The Role of National Provider Identifier (NPI) in Credentialing

The National Provider Identifier (NPI) plays a significant role in the credentialing process. It's a unique 10-digit identification number issued by the United States Department of Health and Human Services (HHS to healthcare providers in the United States. This number is used by healthcare providers for billing and other administrative purposes.

There are two types of NPI numbers: Individual NPI (Type 1) and Organizational NPI (Type 2).

Individual NPI (Type 1): This is assigned to individual healthcare providers (e.g., physical therapists).

Organizational NPI (Type 2): This is assigned to organizations, like a physical therapy practice. If you're planning to set up a group practice, it's advisable to apply for a Type 2 NPI.

Understanding the Council for Affordable Quality Healthcare (CAQH) Profile

The Council for Affordable Quality Healthcare (CAQH) ProView® is a free, web-based resource that allows providers to self-report their professional and practice information for credentialing purposes.

Many insurance payers require providers to have a CAQH profile.
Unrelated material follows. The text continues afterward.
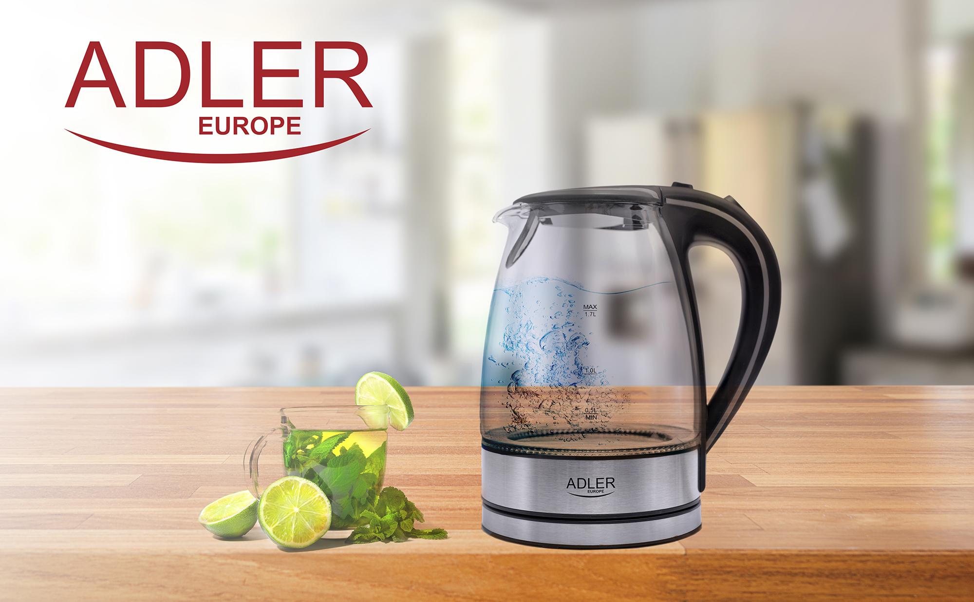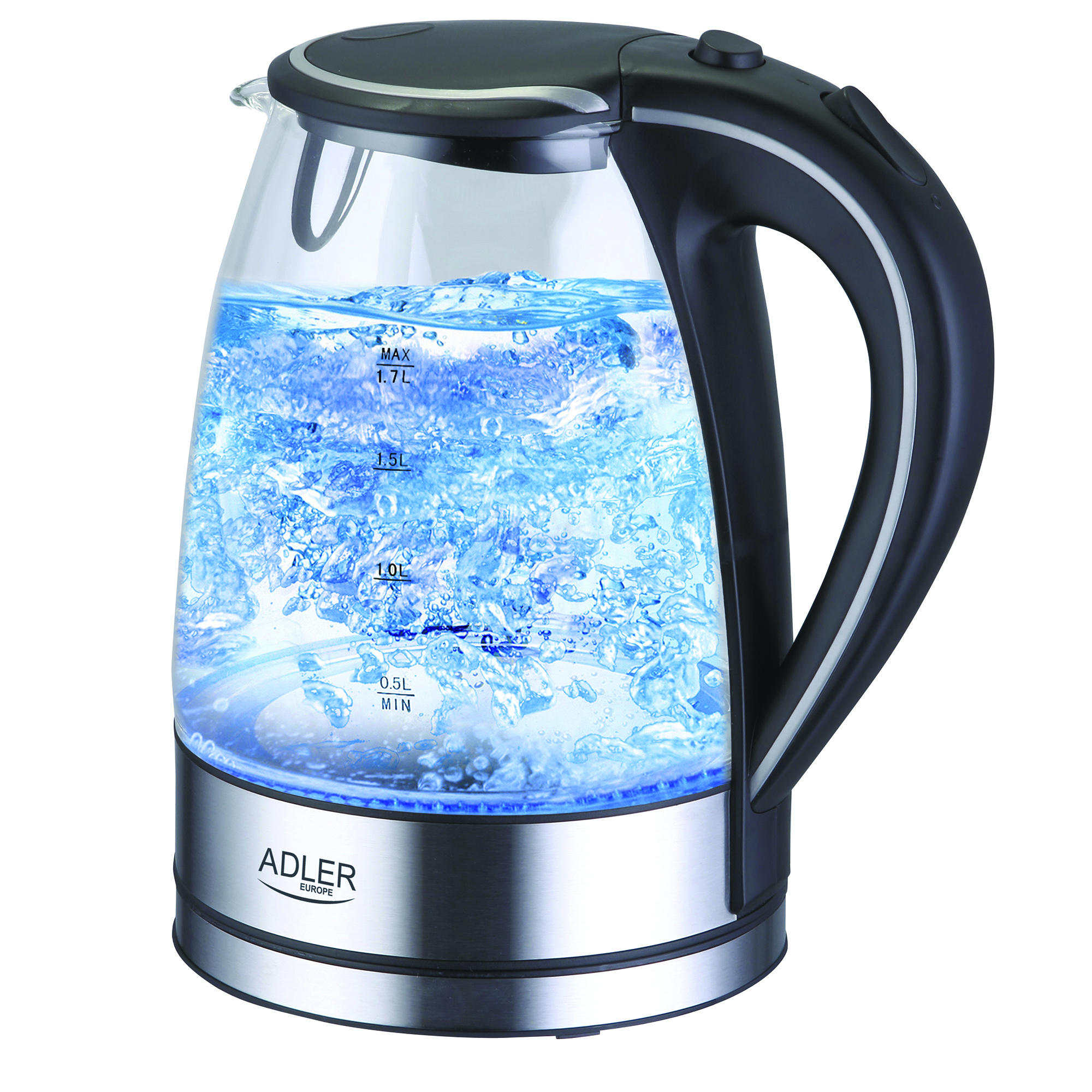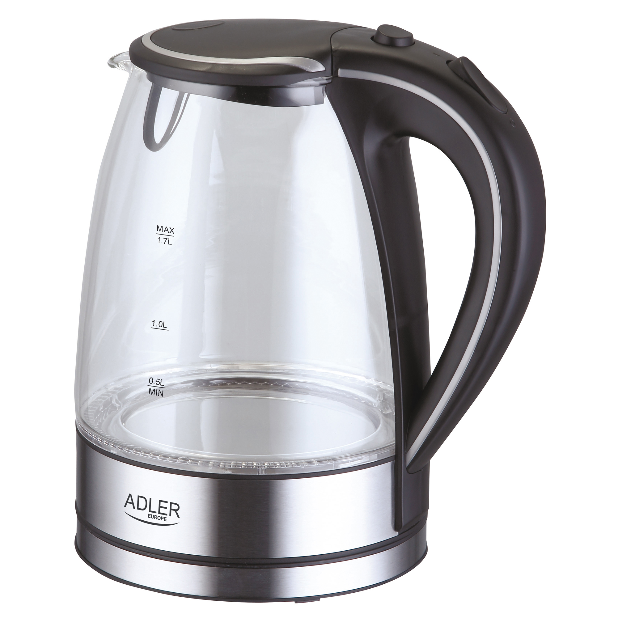 Bouilloire électrique, verre de 1,7 litre, récipient sans BPA, sans Fil 2200 Transparent AdlerAD1225

The profile stores necessary information like education, work history, licenses, certifications, and malpractice insurance data. This streamlines the credentialing process as the information is readily available for payers to access.

What Documentation Do I Need?

  • Up-to-date curriculum vitae (CV)

  • NPI number (Type 1 or Type 2)

  • Proof of malpractice insurance

  • State License

  • PT Diploma

  • Tax ID/ Employer Identification Number (EIN) W-9 that is associated with the new Tax ID Number

  • Business checking account

  • Proof of physical location (e.g., a signed lease or mortgage)

  • Clinic phone number

  • Proof of professional liability

How to Credential and Physical Therapist

  1. Create a CAQH Account

  2. Find the payers provider enrollment web page. Example:

  3. Gather necessary documents (listed above)

  4. Complete participation sign-up steps online

What to Do If You Hire New Therapists

When you hire new therapists, whether they're fresh out of school or transitioning from another clinic, it's crucial to start the credentialing process as early as possible. For therapists already credentialed with payers, you simply need to notify the payer to add them to your group. The process usually involves filling out a one-page form that takes a few weeks to process.

If the therapist is a recent graduate, you should allow 30-90 days for the credentialing process. Some payers may require the therapist to have a supervising PT until their credentialing is finalized.

Navigating Medicare Credentialing

Medicare credentialing can be slightly different from other payers. Unlike other insurance companies, you can't start the Medicare credentialing process until you open your practice and start seeing patients. Expect a site visit from Medicare as part of the credentialing process.

The Medicare credentialing process requires a site visit to combat fraud. Once your practice is operational, you can apply for Medicare credentialing, which typically takes about 90 days to process.

Prior to enrolling in Medicare managed plans, you must have obtained your Medicare group PTAN (provider number). You will then need to visit the respective Payers' websites to finalize any additional credentialing or registration requirements.

The Benefits of Outsourcing Physical Therapy Credentialing

The credentialing process can be time-consuming and complex. That's why many PT clinic owners often choose to outsource this process to experienced service providers. By doing so, they can focus more on patient care and other aspects of their practice.

Outsourcing the credentialing process can bring several benefits, including saving time and effort, ensuring compliance with payer requirements, optimizing reimbursements, and receiving specialized advice.


Physical therapy credentialing is a crucial process for new PT owners, allowing them to establish relationships with payers, gain in-network status (by contracting), and ultimately, ensure the financial sustainability of their practice. While the process can be complex and time-consuming, understanding the steps involved can make it more manageable. By being proactive, organized, and patient, new PT owners can successfully navigate the credentialing process and set their practice up for success.